_Your instructions_
Below are some records. Return exactly the lines from the one with "Easy to Use: This" to the one with "Das Kraftfutter wird", and nothing else.

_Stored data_

┄┄┄┄┄┄

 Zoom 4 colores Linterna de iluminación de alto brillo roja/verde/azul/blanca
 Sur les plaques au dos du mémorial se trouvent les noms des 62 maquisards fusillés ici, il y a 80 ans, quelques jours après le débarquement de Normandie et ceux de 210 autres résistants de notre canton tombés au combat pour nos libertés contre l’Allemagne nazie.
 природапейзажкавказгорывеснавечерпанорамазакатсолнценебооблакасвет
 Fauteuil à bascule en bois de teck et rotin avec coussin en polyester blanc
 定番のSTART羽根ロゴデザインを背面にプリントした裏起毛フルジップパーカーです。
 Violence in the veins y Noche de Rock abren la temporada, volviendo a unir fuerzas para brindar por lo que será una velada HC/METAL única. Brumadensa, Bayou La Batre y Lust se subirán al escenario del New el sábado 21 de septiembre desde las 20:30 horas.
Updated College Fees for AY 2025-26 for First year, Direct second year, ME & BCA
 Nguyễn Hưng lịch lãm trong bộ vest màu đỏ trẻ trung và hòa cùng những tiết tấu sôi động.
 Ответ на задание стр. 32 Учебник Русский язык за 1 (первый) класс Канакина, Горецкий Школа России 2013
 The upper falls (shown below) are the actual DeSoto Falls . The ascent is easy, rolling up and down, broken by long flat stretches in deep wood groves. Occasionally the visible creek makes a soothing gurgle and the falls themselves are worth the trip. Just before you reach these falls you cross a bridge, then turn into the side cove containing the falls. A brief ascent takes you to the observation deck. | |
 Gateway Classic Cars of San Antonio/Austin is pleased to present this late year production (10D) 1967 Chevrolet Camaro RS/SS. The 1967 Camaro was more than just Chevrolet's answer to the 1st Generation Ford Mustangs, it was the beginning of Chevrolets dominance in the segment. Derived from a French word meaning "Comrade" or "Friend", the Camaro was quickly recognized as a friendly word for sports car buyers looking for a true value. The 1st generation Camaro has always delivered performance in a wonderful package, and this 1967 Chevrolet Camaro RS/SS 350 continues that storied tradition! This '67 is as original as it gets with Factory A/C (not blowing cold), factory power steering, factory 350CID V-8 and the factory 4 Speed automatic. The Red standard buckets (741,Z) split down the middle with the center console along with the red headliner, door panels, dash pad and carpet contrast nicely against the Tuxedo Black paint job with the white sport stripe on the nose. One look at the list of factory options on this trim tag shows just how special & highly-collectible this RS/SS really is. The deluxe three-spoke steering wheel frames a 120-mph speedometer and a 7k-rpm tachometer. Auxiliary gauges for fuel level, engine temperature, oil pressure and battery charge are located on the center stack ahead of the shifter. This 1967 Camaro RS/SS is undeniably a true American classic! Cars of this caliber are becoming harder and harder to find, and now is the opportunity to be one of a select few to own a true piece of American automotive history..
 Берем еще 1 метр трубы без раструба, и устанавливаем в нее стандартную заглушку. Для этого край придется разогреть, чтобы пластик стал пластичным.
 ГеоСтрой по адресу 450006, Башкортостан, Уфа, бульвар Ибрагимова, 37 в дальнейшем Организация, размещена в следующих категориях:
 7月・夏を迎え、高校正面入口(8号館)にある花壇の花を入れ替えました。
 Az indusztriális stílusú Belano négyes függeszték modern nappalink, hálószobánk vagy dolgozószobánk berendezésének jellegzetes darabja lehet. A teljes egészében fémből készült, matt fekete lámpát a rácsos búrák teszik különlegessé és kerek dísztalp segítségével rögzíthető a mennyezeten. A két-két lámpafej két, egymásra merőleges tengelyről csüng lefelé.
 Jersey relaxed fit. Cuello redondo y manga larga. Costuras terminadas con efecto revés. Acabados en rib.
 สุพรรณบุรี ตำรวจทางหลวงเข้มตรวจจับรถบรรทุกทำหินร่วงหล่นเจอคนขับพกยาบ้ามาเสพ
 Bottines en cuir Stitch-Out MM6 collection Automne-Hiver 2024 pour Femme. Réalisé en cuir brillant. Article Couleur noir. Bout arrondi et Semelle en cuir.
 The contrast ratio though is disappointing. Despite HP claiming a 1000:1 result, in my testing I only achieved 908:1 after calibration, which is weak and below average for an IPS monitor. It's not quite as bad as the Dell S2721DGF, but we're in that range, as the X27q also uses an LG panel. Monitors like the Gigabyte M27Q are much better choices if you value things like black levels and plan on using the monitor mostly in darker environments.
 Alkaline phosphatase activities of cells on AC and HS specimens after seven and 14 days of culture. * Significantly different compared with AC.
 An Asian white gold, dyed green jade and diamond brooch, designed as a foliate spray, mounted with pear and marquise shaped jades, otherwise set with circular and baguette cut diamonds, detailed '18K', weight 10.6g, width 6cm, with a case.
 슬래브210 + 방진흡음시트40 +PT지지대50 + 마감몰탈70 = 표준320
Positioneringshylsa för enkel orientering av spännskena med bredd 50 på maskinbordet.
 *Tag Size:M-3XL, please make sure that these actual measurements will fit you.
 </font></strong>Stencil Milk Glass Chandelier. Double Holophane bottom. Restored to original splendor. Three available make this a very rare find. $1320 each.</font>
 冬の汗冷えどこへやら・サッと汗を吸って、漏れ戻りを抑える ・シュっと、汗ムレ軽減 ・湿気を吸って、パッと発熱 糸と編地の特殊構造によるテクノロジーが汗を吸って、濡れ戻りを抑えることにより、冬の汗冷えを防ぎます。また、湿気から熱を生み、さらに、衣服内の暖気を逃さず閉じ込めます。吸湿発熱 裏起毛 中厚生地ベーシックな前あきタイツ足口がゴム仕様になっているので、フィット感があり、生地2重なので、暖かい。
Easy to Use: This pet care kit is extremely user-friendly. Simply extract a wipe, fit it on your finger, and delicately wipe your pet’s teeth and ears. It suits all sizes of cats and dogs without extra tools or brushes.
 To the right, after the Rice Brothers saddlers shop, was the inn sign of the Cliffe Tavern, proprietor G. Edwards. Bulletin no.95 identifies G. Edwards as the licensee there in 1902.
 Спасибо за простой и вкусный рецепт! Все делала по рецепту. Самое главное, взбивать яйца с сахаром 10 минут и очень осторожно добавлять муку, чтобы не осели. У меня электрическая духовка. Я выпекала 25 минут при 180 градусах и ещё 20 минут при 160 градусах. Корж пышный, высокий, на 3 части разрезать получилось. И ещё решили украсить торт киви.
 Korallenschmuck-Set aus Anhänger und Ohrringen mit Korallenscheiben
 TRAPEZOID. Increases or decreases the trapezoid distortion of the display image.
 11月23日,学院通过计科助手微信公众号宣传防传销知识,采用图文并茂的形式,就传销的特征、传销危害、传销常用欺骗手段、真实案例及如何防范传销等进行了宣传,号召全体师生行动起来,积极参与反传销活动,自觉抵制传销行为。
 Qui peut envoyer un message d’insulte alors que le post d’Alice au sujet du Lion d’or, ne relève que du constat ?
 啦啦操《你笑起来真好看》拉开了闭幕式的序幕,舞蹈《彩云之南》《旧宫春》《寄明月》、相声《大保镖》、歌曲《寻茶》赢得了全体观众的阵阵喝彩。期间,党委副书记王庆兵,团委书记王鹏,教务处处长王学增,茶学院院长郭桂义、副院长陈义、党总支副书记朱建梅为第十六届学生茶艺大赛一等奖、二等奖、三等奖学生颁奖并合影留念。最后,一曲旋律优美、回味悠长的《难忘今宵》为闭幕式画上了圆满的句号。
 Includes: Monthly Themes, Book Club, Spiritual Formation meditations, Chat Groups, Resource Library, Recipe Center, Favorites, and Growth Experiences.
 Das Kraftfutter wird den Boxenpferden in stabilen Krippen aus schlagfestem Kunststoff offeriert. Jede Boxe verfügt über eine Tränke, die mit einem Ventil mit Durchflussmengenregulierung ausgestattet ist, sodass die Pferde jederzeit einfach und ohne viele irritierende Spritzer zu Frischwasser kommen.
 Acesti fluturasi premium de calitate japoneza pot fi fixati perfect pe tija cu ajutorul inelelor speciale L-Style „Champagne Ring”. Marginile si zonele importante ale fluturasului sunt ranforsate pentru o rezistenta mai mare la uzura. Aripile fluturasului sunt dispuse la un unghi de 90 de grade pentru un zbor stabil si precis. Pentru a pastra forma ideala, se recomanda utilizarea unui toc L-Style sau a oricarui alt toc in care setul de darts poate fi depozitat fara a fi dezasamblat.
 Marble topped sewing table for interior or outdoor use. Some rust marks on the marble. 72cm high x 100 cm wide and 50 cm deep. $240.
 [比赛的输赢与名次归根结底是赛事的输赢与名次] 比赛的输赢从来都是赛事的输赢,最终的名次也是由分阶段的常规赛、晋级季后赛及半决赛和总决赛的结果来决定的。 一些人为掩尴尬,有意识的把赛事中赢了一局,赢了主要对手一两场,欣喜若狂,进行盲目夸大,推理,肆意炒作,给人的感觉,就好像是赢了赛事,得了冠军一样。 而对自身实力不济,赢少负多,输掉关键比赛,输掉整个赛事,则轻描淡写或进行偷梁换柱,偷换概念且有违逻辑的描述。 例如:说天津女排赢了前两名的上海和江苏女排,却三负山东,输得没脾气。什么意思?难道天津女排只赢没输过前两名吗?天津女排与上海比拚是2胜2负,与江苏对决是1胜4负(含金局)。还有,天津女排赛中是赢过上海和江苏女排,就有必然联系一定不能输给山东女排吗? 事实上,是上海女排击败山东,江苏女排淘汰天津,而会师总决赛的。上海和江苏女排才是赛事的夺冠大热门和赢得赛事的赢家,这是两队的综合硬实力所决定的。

┄┄┄┄┄┄

_Response to this exercise_
Easy to Use: This pet care kit is extremely user-friendly. Simply extract a wipe, fit it on your finger, and delicately wipe your pet’s teeth and ears. It suits all sizes of cats and dogs without extra tools or brushes.
 To the right, after the Rice Brothers saddlers shop, was the inn sign of the Cliffe Tavern, proprietor G. Edwards. Bulletin no.95 identifies G. Edwards as the licensee there in 1902.
 Спасибо за простой и вкусный рецепт! Все делала по рецепту. Самое главное, взбивать яйца с сахаром 10 минут и очень осторожно добавлять муку, чтобы не осели. У меня электрическая духовка. Я выпекала 25 минут при 180 градусах и ещё 20 минут при 160 градусах. Корж пышный, высокий, на 3 части разрезать получилось. И ещё решили украсить торт киви.
 Korallenschmuck-Set aus Anhänger und Ohrringen mit Korallenscheiben
 TRAPEZOID. Increases or decreases the trapezoid distortion of the display image.
 11月23日,学院通过计科助手微信公众号宣传防传销知识,采用图文并茂的形式,就传销的特征、传销危害、传销常用欺骗手段、真实案例及如何防范传销等进行了宣传,号召全体师生行动起来,积极参与反传销活动,自觉抵制传销行为。
 Qui peut envoyer un message d’insulte alors que le post d’Alice au sujet du Lion d’or, ne relève que du constat ?
 啦啦操《你笑起来真好看》拉开了闭幕式的序幕,舞蹈《彩云之南》《旧宫春》《寄明月》、相声《大保镖》、歌曲《寻茶》赢得了全体观众的阵阵喝彩。期间,党委副书记王庆兵,团委书记王鹏,教务处处长王学增,茶学院院长郭桂义、副院长陈义、党总支副书记朱建梅为第十六届学生茶艺大赛一等奖、二等奖、三等奖学生颁奖并合影留念。最后,一曲旋律优美、回味悠长的《难忘今宵》为闭幕式画上了圆满的句号。
 Includes: Monthly Themes, Book Club, Spiritual Formation meditations, Chat Groups, Resource Library, Recipe Center, Favorites, and Growth Experiences.
 Das Kraftfutter wird den Boxenpferden in stabilen Krippen aus schlagfestem Kunststoff offeriert. Jede Boxe verfügt über eine Tränke, die mit einem Ventil mit Durchflussmengenregulierung ausgestattet ist, sodass die Pferde jederzeit einfach und ohne viele irritierende Spritzer zu Frischwasser kommen.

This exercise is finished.